**TASK REQUIREMENTS**. Since the copy must match the original, write out each record word for word, skipping only the pictures.

[Stored data entries]
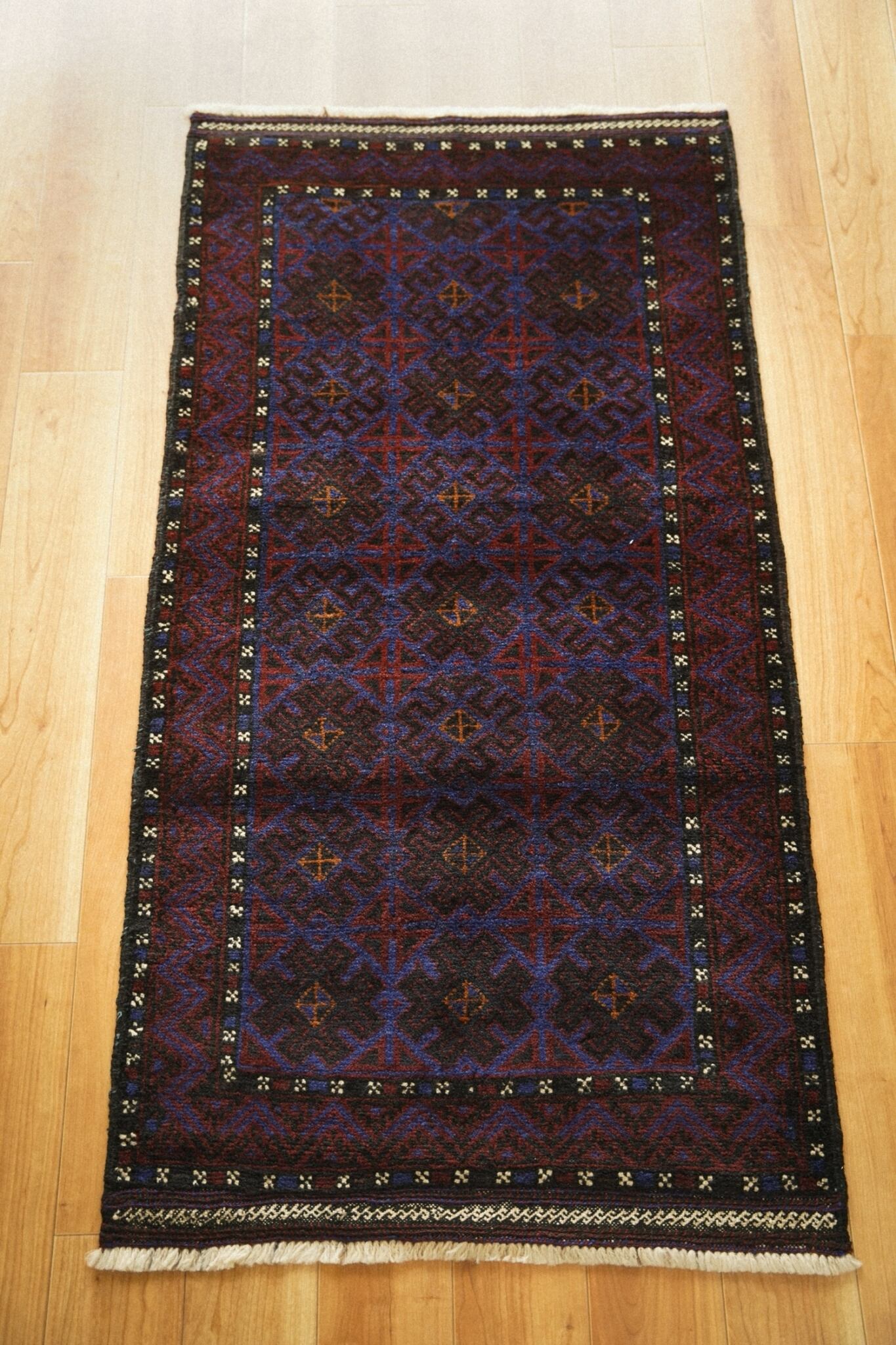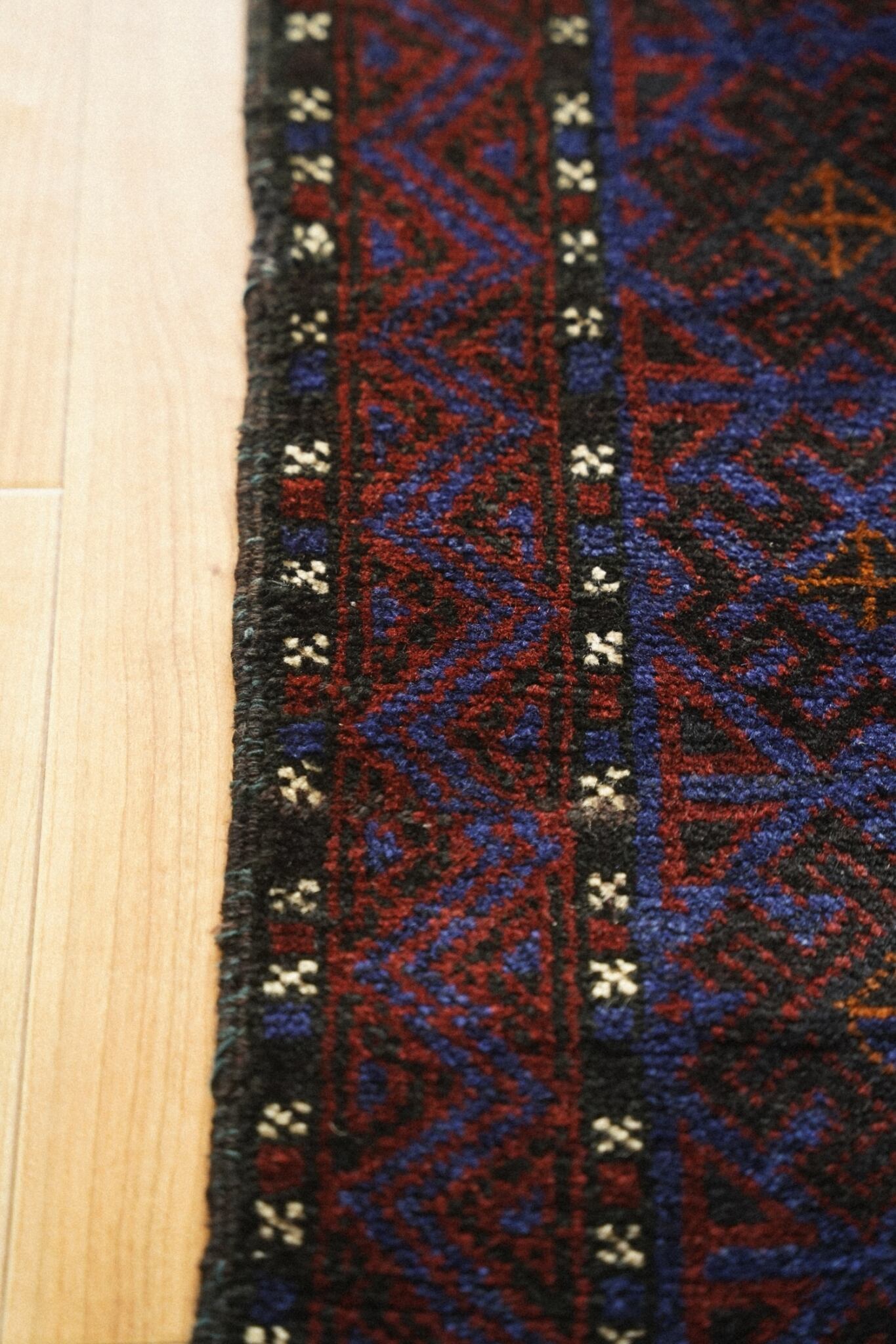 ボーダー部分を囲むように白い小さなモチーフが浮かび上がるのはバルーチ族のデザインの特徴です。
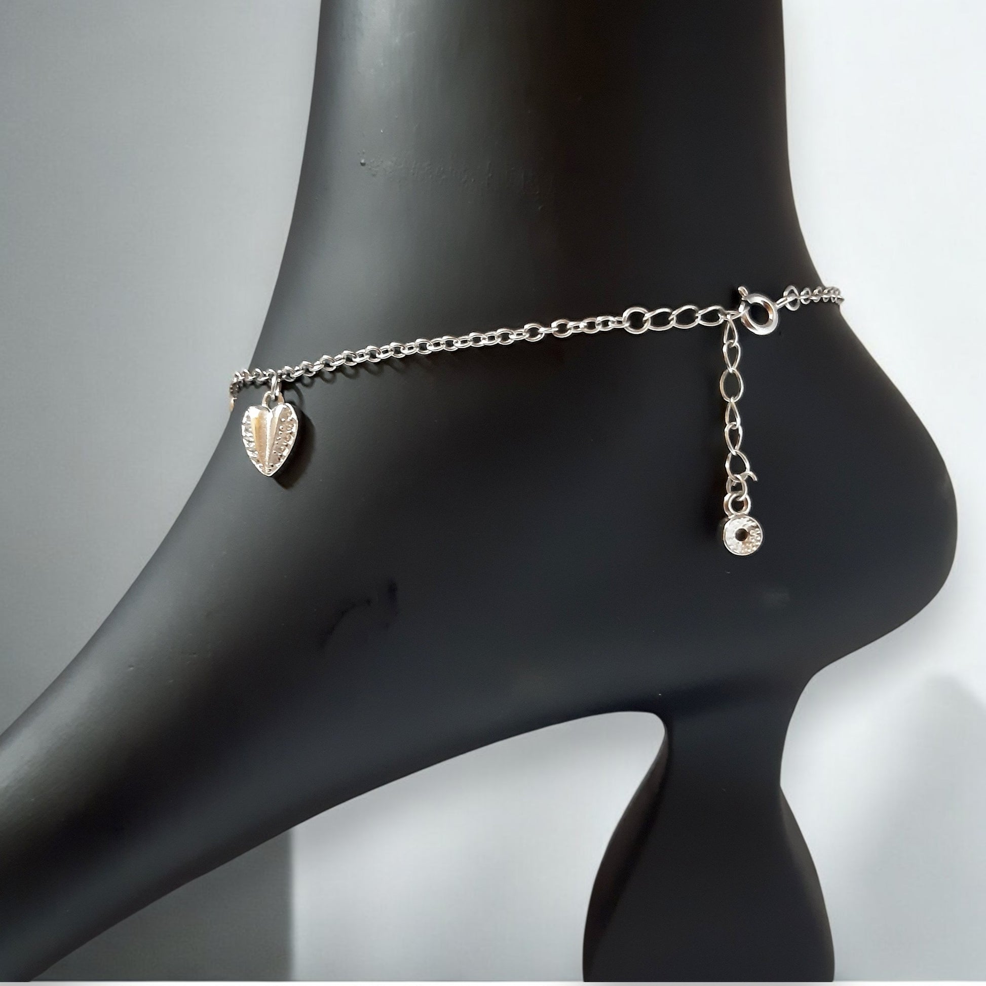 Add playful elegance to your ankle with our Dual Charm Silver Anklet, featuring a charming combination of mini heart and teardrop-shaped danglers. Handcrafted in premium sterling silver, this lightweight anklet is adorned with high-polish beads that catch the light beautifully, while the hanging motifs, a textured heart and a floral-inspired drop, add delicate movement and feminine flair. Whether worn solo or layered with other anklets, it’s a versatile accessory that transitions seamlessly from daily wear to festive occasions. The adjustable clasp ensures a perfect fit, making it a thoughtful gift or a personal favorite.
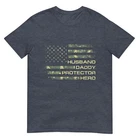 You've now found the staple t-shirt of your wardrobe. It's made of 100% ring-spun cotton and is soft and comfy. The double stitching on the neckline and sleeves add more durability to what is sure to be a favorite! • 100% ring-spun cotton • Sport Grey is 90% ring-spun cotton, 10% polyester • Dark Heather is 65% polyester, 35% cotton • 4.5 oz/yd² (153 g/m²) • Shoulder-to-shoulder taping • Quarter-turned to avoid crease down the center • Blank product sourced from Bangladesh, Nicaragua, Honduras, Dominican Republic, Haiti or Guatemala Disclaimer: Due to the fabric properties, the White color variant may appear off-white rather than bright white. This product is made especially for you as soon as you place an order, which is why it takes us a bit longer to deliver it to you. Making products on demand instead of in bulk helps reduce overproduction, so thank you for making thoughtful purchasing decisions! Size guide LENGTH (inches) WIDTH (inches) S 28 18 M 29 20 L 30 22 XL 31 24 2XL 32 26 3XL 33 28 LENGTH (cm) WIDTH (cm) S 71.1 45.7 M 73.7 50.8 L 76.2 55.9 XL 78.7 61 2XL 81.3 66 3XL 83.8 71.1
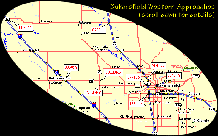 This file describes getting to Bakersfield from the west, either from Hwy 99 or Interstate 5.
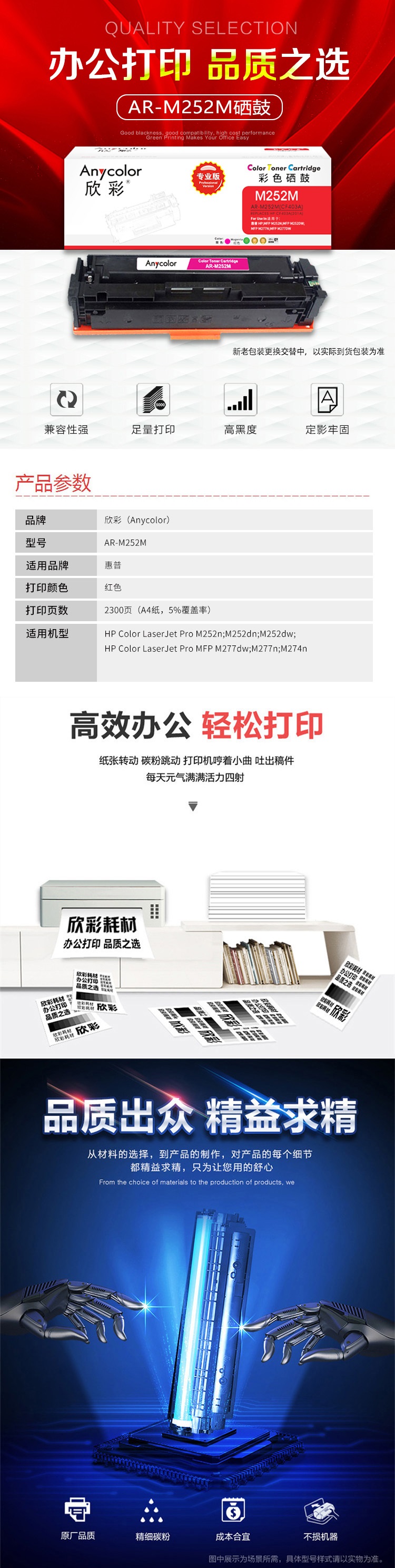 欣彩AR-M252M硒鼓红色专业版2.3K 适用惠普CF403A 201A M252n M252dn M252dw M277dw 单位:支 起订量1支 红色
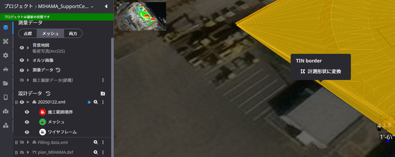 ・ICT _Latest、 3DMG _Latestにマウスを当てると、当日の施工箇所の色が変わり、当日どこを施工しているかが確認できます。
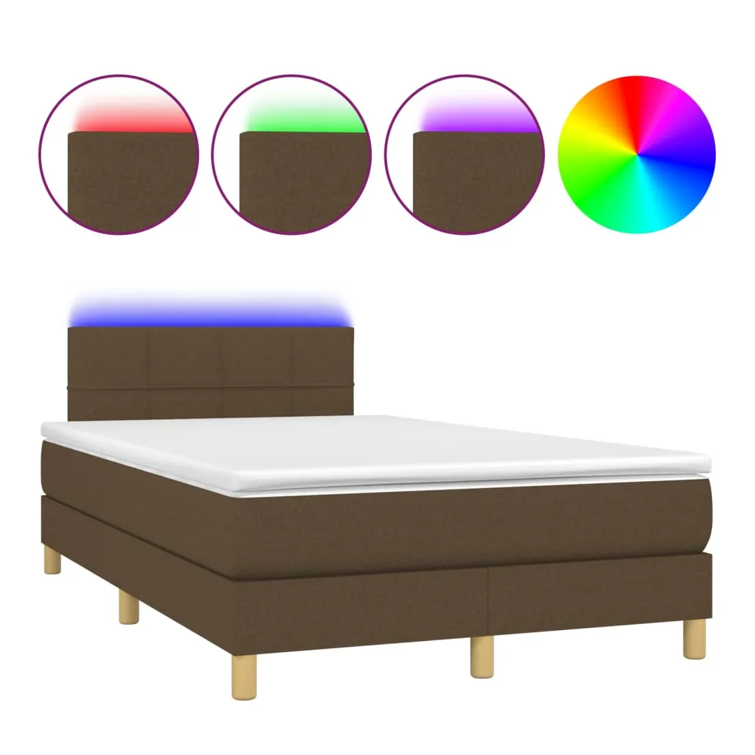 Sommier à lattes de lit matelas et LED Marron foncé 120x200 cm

**THE COMPLETED TASK**.
 ボーダー部分を囲むように白い小さなモチーフが浮かび上がるのはバルーチ族のデザインの特徴です。
 Add playful elegance to your ankle with our Dual Charm Silver Anklet, featuring a charming combination of mini heart and teardrop-shaped danglers. Handcrafted in premium sterling silver, this lightweight anklet is adorned with high-polish beads that catch the light beautifully, while the hanging motifs, a textured heart and a floral-inspired drop, add delicate movement and feminine flair. Whether worn solo or layered with other anklets, it’s a versatile accessory that transitions seamlessly from daily wear to festive occasions. The adjustable clasp ensures a perfect fit, making it a thoughtful gift or a personal favorite.
 You've now found the staple t-shirt of your wardrobe. It's made of 100% ring-spun cotton and is soft and comfy. The double stitching on the neckline and sleeves add more durability to what is sure to be a favorite! • 100% ring-spun cotton • Sport Grey is 90% ring-spun cotton, 10% polyester • Dark Heather is 65% polyester, 35% cotton • 4.5 oz/yd² (153 g/m²) • Shoulder-to-shoulder taping • Quarter-turned to avoid crease down the center • Blank product sourced from Bangladesh, Nicaragua, Honduras, Dominican Republic, Haiti or Guatemala Disclaimer: Due to the fabric properties, the White color variant may appear off-white rather than bright white. This product is made especially for you as soon as you place an order, which is why it takes us a bit longer to deliver it to you. Making products on demand instead of in bulk helps reduce overproduction, so thank you for making thoughtful purchasing decisions! Size guide LENGTH (inches) WIDTH (inches) S 28 18 M 29 20 L 30 22 XL 31 24 2XL 32 26 3XL 33 28 LENGTH (cm) WIDTH (cm) S 71.1 45.7 M 73.7 50.8 L 76.2 55.9 XL 78.7 61 2XL 81.3 66 3XL 83.8 71.1
 This file describes getting to Bakersfield from the west, either from Hwy 99 or Interstate 5.
 欣彩AR-M252M硒鼓红色专业版2.3K 适用惠普CF403A 201A M252n M252dn M252dw M277dw 单位:支 起订量1支 红色
 ・ICT _Latest、 3DMG _Latestにマウスを当てると、当日の施工箇所の色が変わり、当日どこを施工しているかが確認できます。
 Sommier à lattes de lit matelas et LED Marron foncé 120x200 cm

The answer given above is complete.